见她还在迟疑,我轻叹一声,看向那启悟沉声道:“既然不想告诉我们,那我们也不冒险处理这件事情了,那启悟,我们走吧。”
话毕后我便将胸针放在茶几上,大步朝房门口走去。
刚来到门口,手还未触碰到门把手的时候,郭可言突然疾步奔来,拦住我们的去路,面色紧张喊道:“方先生,我说我说,求求你们别走。”
“行吧。”我点头,折回身子又重新来到沙发前坐了下来。
郭可言手足无措的坐在我们对面,紧张问:“方先生,不知道你想问什么?”
我直接便将话题挑明了,一字一句问道:“郭可言,这套房子除了你之外,还有谁居住过?”
郭可言犹豫起来,不自然避开我的目光,可还是摇头:“没有了,就我一个人。”
“当真?”我声音逐渐冰冷起来,盯着她的双眼,让她没有办法避开我的目光。
那启悟嗤之以鼻笑了出来,冷哼道:“郭可言,你真以为我们俩是干饭的吗?让你老实交代是想给你一个台阶下来,别把我们俩当智障一样,不然对你可没什么好处。”
那启悟的话让郭可言一颤,她目光开始游离起来,在我们俩身上扫来扫去很长时间,最终才妥协叹息道:“方先生,那先生,是我欺骗了你们,不过我也不是故意要骗你们的,我是有苦衷的。”
“苦衷?”那启悟讥讽笑道:“你有什么苦衷,让你连命都不要了?”
“我……”郭可言突然停顿下来,最终深深吸了口气,似乎下定了很大决心一样,沮丧道:“其实我是小三。”
那启悟突然对我挑眉笑道:“大兄弟,看到了吧,和我说的一样。”
我的眼睛逐渐眯了起来,那启悟说的时候我也有所怀疑,可这番话被郭可言说出来,让我有点三观颠覆的感觉。
“你们都已经知道了?”郭可言诧异起来。
我点头:“从我们进入小区的那一刻就知道了,我们之所以没有将这个话题挑破,是想让你亲口告诉我们。”
郭可言脸颊通红起来,手足无措的坐在对面,沉默许久才实话实说道:“这套房是包养我的人买来的,他是一家公司老板,常年在外面出差,一个月才回来一次。
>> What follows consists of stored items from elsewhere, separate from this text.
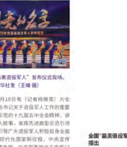
▲颁奖典礼为第二组2020年度“最美退役军人”颁奖
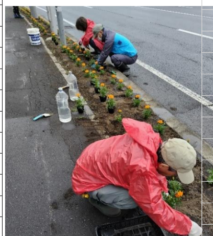
水源地通り沿いの花壇に花植え
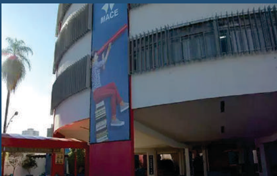
Elite Rede de Ensino - MACE Rua 26 de Agosto, 63 (67) 3316-3600
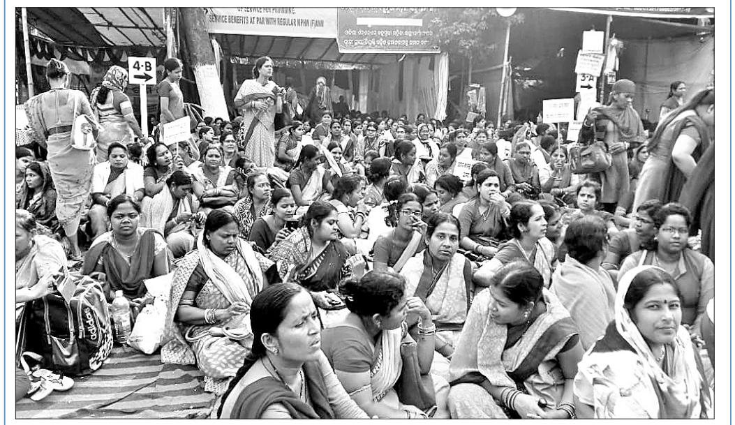
ଓଡ଼ିଶା ଏନ୍‌ଏସ୍‌ଏମ୍ (ଏଏଏସ୍‌ଏମ୍) ସଂଘ ତରଫରୁ ସ୍ଥାୟୀ ନିଯୁକ୍ତି, ସମାନ କାମକୁ ସମାନ ଦରମା ପ୍ରଭୃତି ବିଭିନ୍ନ ଦାବି ନେଇ ସମ୍ବଲପୁରରୁ ଆସିଥିବା କର୍ମକର୍ମୀ ସୋମବାର ଭୁବନେଶ୍ୱର ଲୋକସେବା ସମାଜରେ ଉପସ୍ଥାପନ କରାଯାଇଛି ।

”
“然后呢?”那启悟点头催促:“除了这个老板,应该还有一个人吧。”
郭可言目光骤然变得震惊起来,也没有再去隐瞒,轻声说道:“这个人是我男朋友。”
“你男朋友。”原本还雷打不动的我听到男朋友这三个字,只感觉耳边天雷滚滚,世界观在瞬间颠覆了个彻底。
而此刻别说是我了,就连身为渣男的那启悟也露出错愕之色,上下打量着郭可言吃惊问:“你男朋友知道你做小三?还他娘没有拦着你?”
“嗯。”郭可言点头,神色悲伤说:“其实我之所以做小三,就是我男朋友的意思。”
“我靠!”那启悟猛地在大腿上拍了一下,怪叫起来:“这世界也太他娘的疯狂了吧,这小子该不会让你傍大款,自己好吃软饭吧?”
“那启悟!”我断喝一声,郭可言的神色如同悲痛,显然也讨厌身为小三的自己,这话要是说的太明白了,必然会让郭可言从讨厌自己演变成痛恨自己,保不准会走向极端,做出一些伤害自己的事情。
在我的一个劲儿使眼色下,那启悟眼睛滴溜溜转悠了一圈,急忙赔笑道:“郭可言,刚才我是无心的,你也别过分去寻思。”
郭可言露出会心的笑容:“放心吧,以前我或许会介意,但现在我已经不介意了。”
该搞明白的事情都已经搞明白了,我看向胸针低声问:“那如果没猜错的话,将胸针放在马桶水箱的人,应该就是你男朋友吧?”